[ACTIVITY]
Pictures stay out of this copy; please retype only the lines from the start of the records through the line with "We hadden in".

[DATA TO EXAMINE]
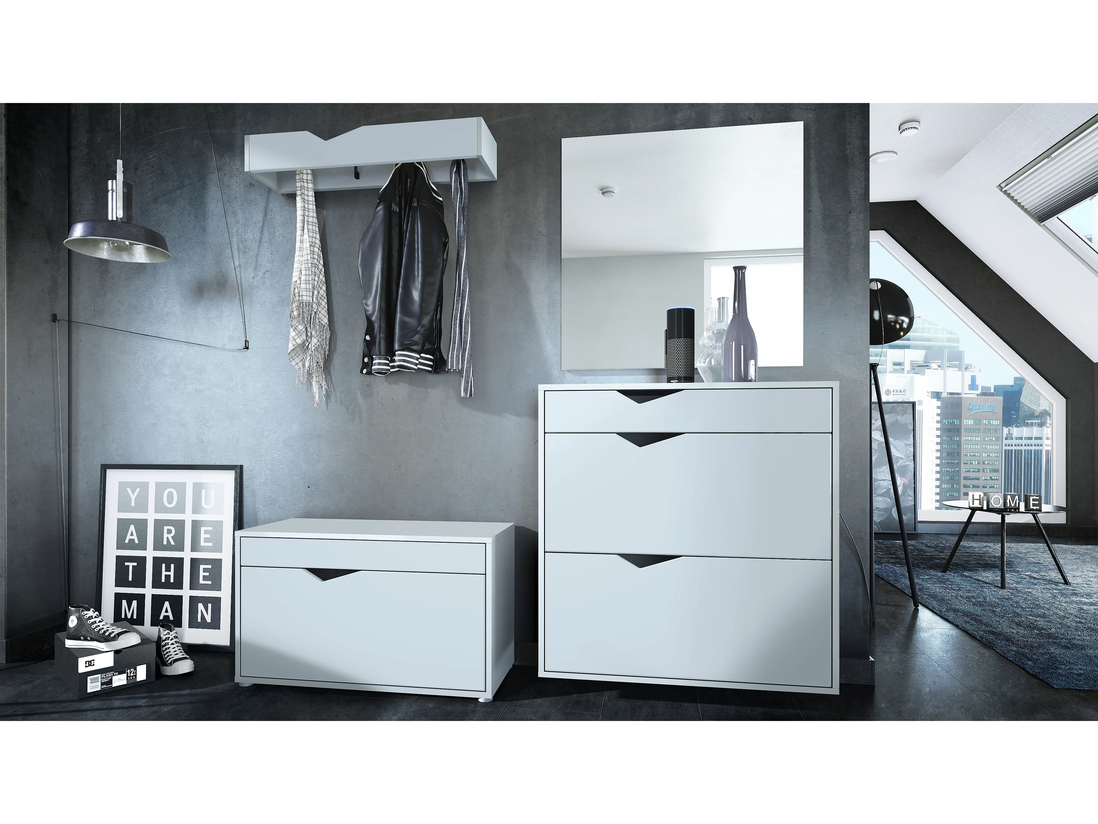 Ensemble Vestiaire Kolmio 190 x 185 x 33 cm portemanteau de couloir, caisson en blanc mat, façades en Blanc mat | Grand choix de couleurs
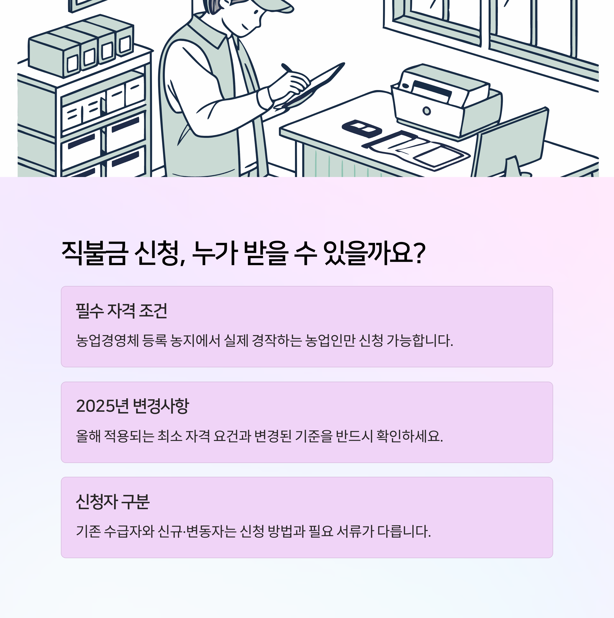 신청 대상은 농업경영체 등록이 완료되어 있고, 실제로 농사를 짓고 있는 농업인이에요. “실경작 여부”가 핵심이기 때문에 실제로 농지에서 작업하고 있어야 인정받을 수 있어요. 2024년 정보와 2025년 정보가 일치하고, 별다른 변경사항이 없다면 비대면 신청도 가능합니다.
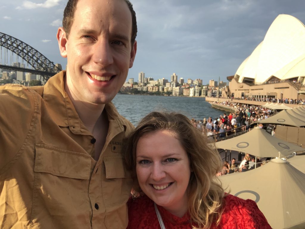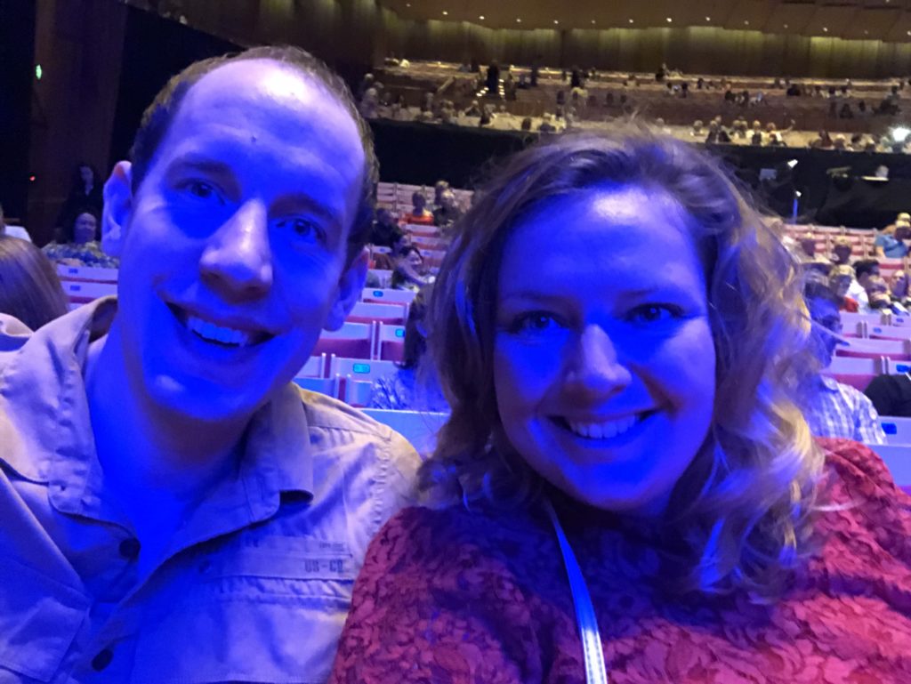We hadden in de supermarkt wat sla gekocht. Dat hebben we voor het concert gegeten en zijn toen vroeg richting The Opera House gegaan. Je ruikt langs het water echt die typische mediterrane zeelucht. Ik vind het lekker, Rianne niet zo. Het was superdruk op de boulevard. Vlakbij het Opera House hebben we nog wat selfies geschoten alvorens we naar binnen gaan. Persoonlijk vond ik het veel kleiner lijken van dichtbij (en lelijker). Binnen kwamen we door een soort security. Het principe geen mannenogen in vrouwentassen kennen ze hier niet ;-). Enfin we waren zo bij de juiste zaal die niet vroeg openging. We zaten praktisch vooraan en een beetje in de hoek. Langzaam druppelden de muziekkanten binnen met hun instrument(en). Ik vond de binnenkant van de zaal wel een beetje tegenvallen. De vloer was een raar type hout en plakte als de neten, het was betrekkelijk klein en het was gewoon een betonnen karkas eigenlijk.
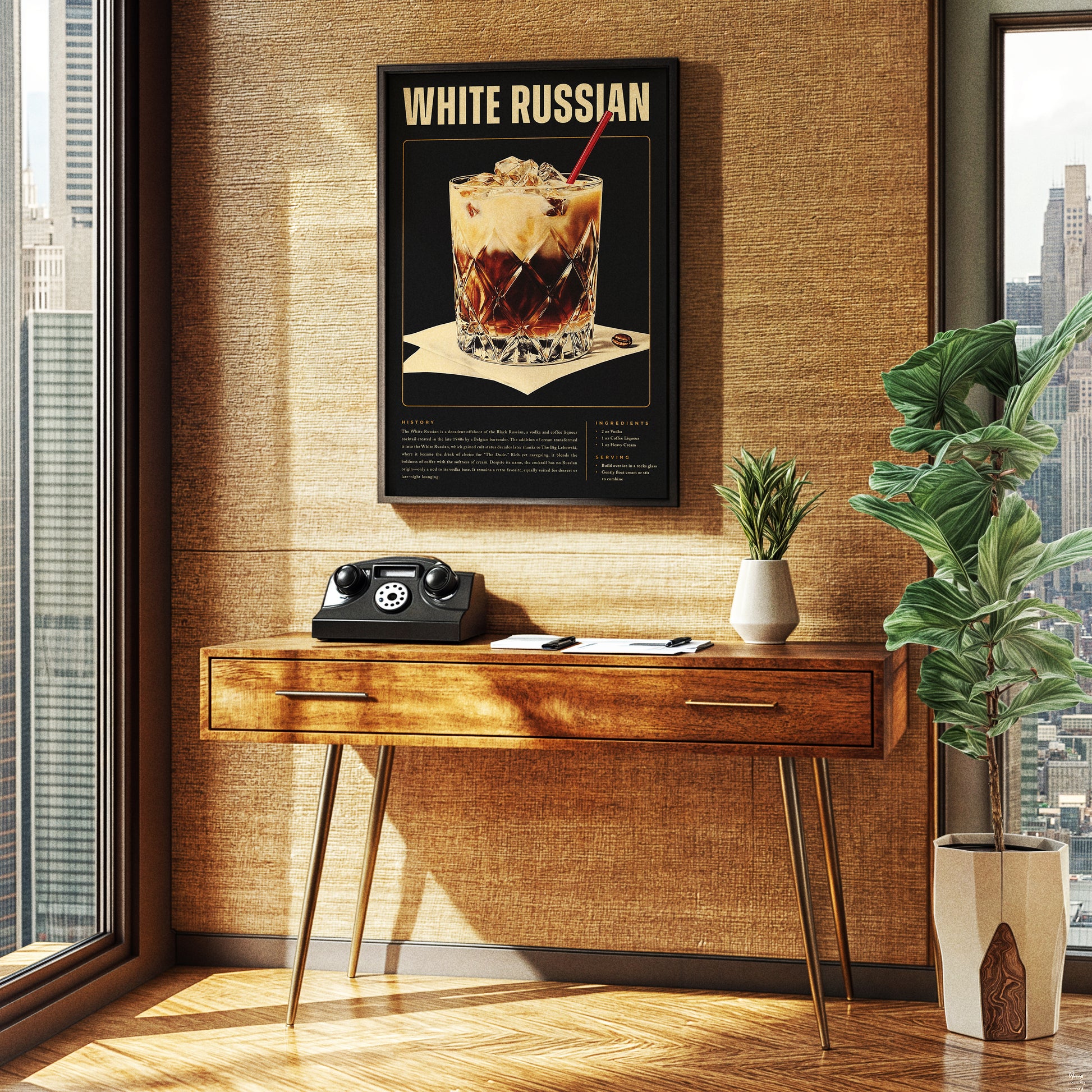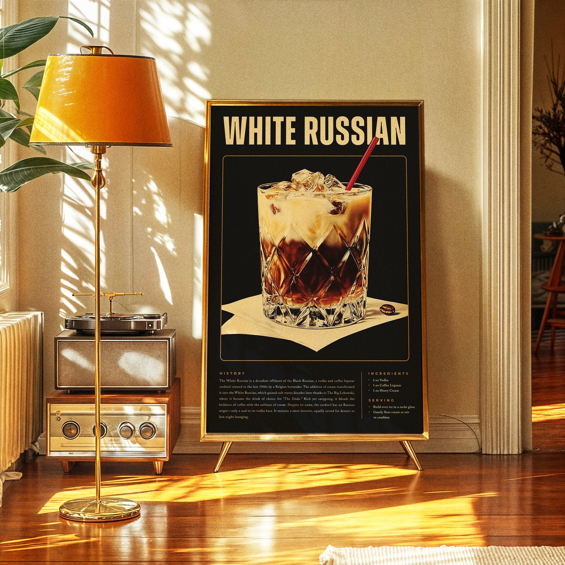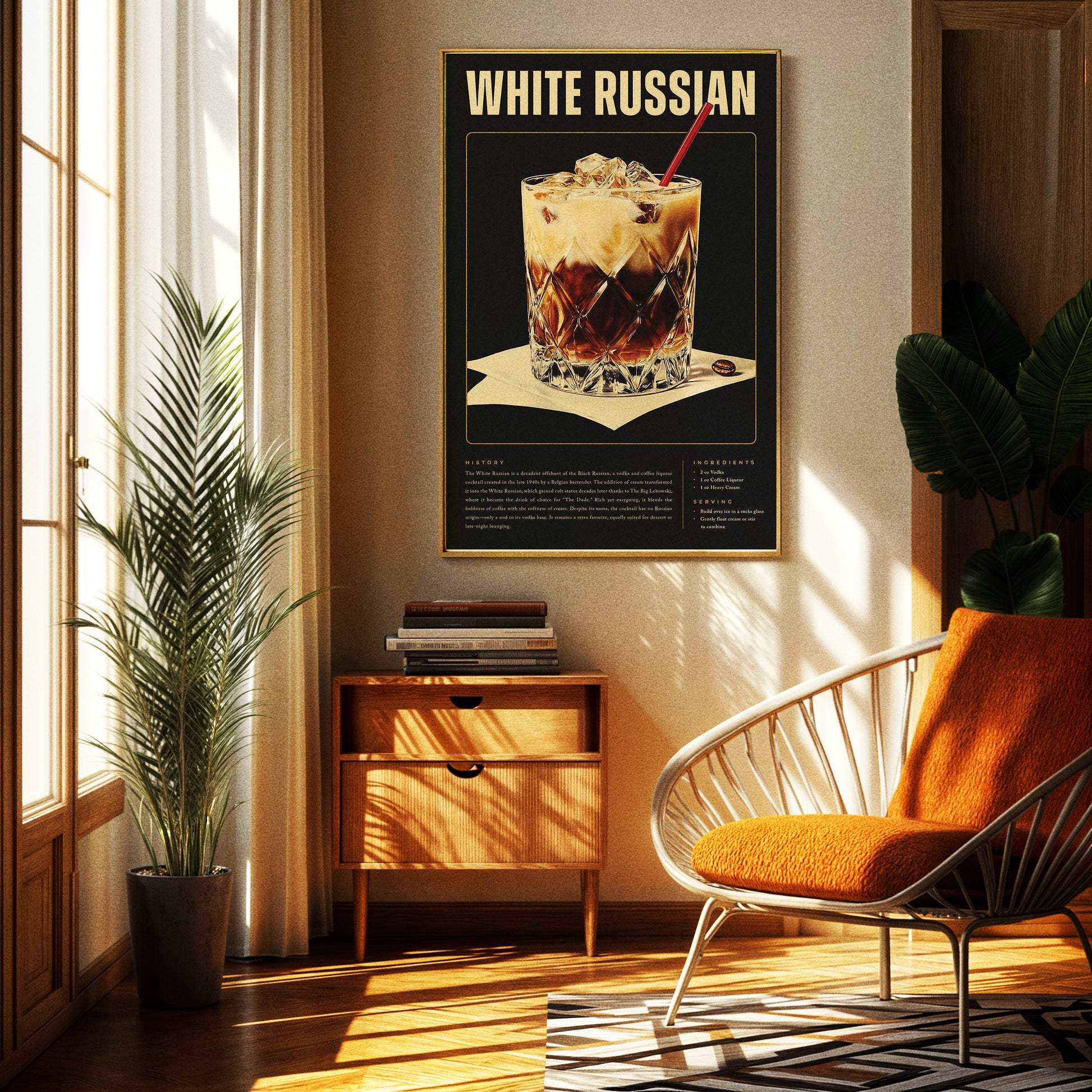Creamy, cool, and unapologetically indulgent — the White Russian gets a retro-styled tribute in this richly illustrated art print. From its layered coffee tones to the nod to The Big Lebowski, this piece captures the decadent charm of a cult favorite. Complete with its cocktail origins, recipe, and signature rocks glass, it’s perfect for dessert drinkers, late-night loungers, or fans of “The Dude.”
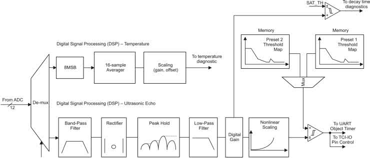 Detekcja echa odbywa się już w domenie cyfrowej, zatem nasz komparator (przestrajany programowalną mapą) musi znajdować się w bloku DSP, którego schemat funkcjonalny pokazano na rysunku 12. Dane z przetwornika ADC trafiają najpierw do demultipleksera, który rozdziela próbki na dwa sygnały: echa oraz pomiarów temperatury. Ten pierwszy trafia najpierw na filtr pasmowoprzepustowy, pracujący w roli dyskryminatora przepuszczającego jedynie sygnał w wąskim paśmie wokół częstotliwości nadawania – rzecz jasna, filtr jest ustawiany zależnie od zawartości rejestru FREQ, zaś dodatkowo użytkownik ma możliwość zaprogramowania szerokości pasma w zakresie od 2 do 8 kHz (z krokiem co 2 kHz). Należy jednak pamiętać, że automatyczne obliczenie współczynników filtra BPF (Butterworth o nieskończonej odpowiedzi impulsowej) następuje jedynie dla dolnego zakresu częstotliwości (30...80 kHz) – w przypadku ustawienia bitu FREQ_SHIFT rejestry współczynników muszą zostać zaprogramowane przez układ nadrzędny (MCU) za pomocą łącza U(S)ART.
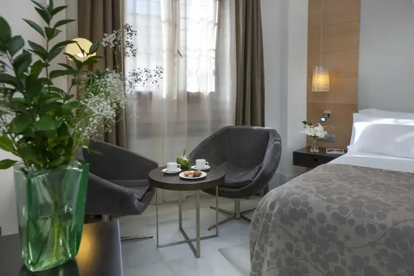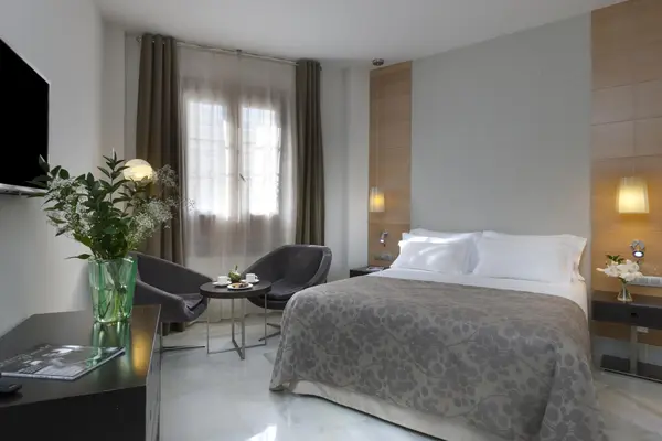 “A modern business hotel with a cobblestone Mudejar courtyard, carved-wood ceilings, and a plush lounge...the large guest rooms offer plenty of luxurious extras along with higher rates to match.”
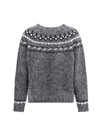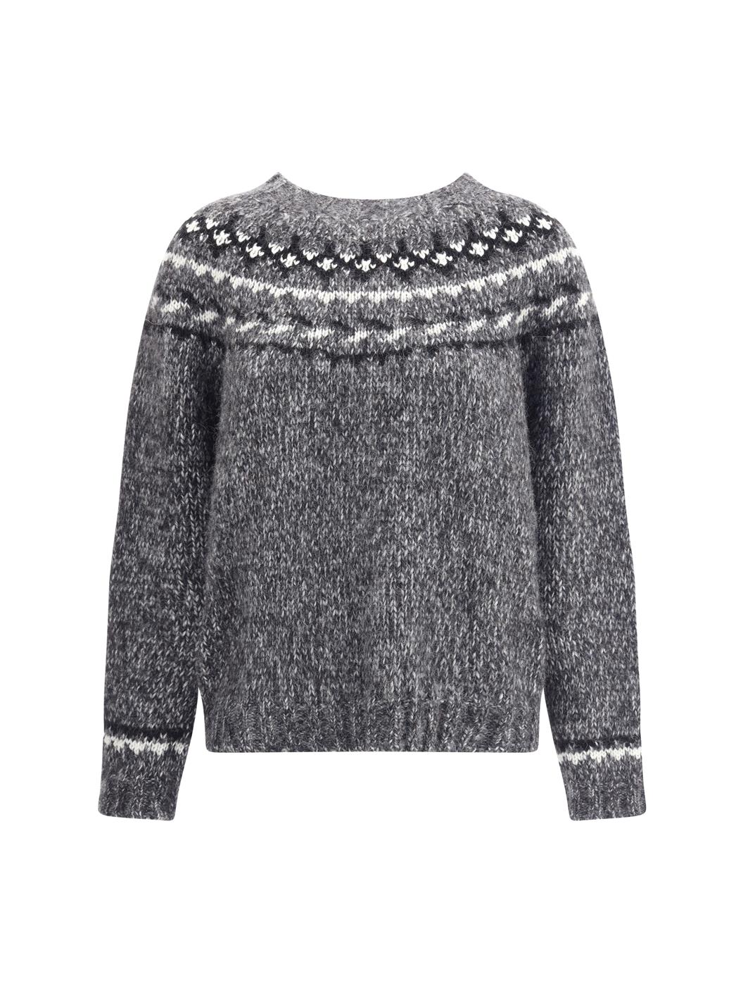 P.A.R.O.S.H.のアルパカ・セーターは、フロントの洗練された幾何学模様が特徴。リブ編みの裾と袖口、ややボートネックがエレガンスと着心地の良さを兼ね備え、汎用性の高い現代的なデザインに仕上がっている。
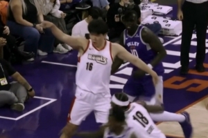 难受啊~杨瀚森被好兄弟马卢阿奇干扰球 向裁判申诉但没吹罚
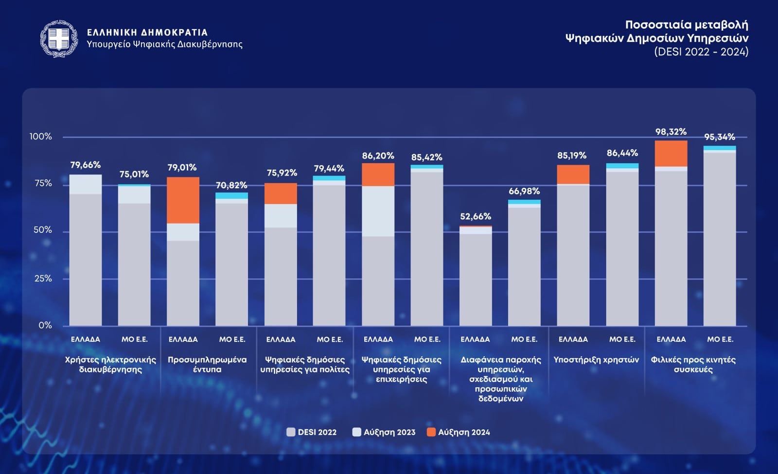 - Φιλικές προς κινητές συσκευές: Με ποσοστό 98.32% η Ελλάδα ξεπερνά τον Ευρωπαϊκό Μ.Ο του 95.3% σημειώνοντας αύξηση 13.6 ποσοστιαίων μονάδων. Μια πρόοδος που αντανακλά τη διαρκή δέσμευση του Υπουργείου Ψηφιακής Διακυβέρνησης για την υλοποίηση ψηφιακών υπηρεσιών που να είναι προσβάσιμες από το κινητό, διευκολύνοντας ουσιαστικά την καθημερινότητα των πολιτών και των επιχειρήσεων.

[THE ANSWER]
 Ensemble Vestiaire Kolmio 190 x 185 x 33 cm portemanteau de couloir, caisson en blanc mat, façades en Blanc mat | Grand choix de couleurs
 신청 대상은 농업경영체 등록이 완료되어 있고, 실제로 농사를 짓고 있는 농업인이에요. “실경작 여부”가 핵심이기 때문에 실제로 농지에서 작업하고 있어야 인정받을 수 있어요. 2024년 정보와 2025년 정보가 일치하고, 별다른 변경사항이 없다면 비대면 신청도 가능합니다.
We hadden in de supermarkt wat sla gekocht. Dat hebben we voor het concert gegeten en zijn toen vroeg richting The Opera House gegaan. Je ruikt langs het water echt die typische mediterrane zeelucht. Ik vind het lekker, Rianne niet zo. Het was superdruk op de boulevard. Vlakbij het Opera House hebben we nog wat selfies geschoten alvorens we naar binnen gaan. Persoonlijk vond ik het veel kleiner lijken van dichtbij (en lelijker). Binnen kwamen we door een soort security. Het principe geen mannenogen in vrouwentassen kennen ze hier niet ;-). Enfin we waren zo bij de juiste zaal die niet vroeg openging. We zaten praktisch vooraan en een beetje in de hoek. Langzaam druppelden de muziekkanten binnen met hun instrument(en). Ik vond de binnenkant van de zaal wel een beetje tegenvallen. De vloer was een raar type hout en plakte als de neten, het was betrekkelijk klein en het was gewoon een betonnen karkas eigenlijk.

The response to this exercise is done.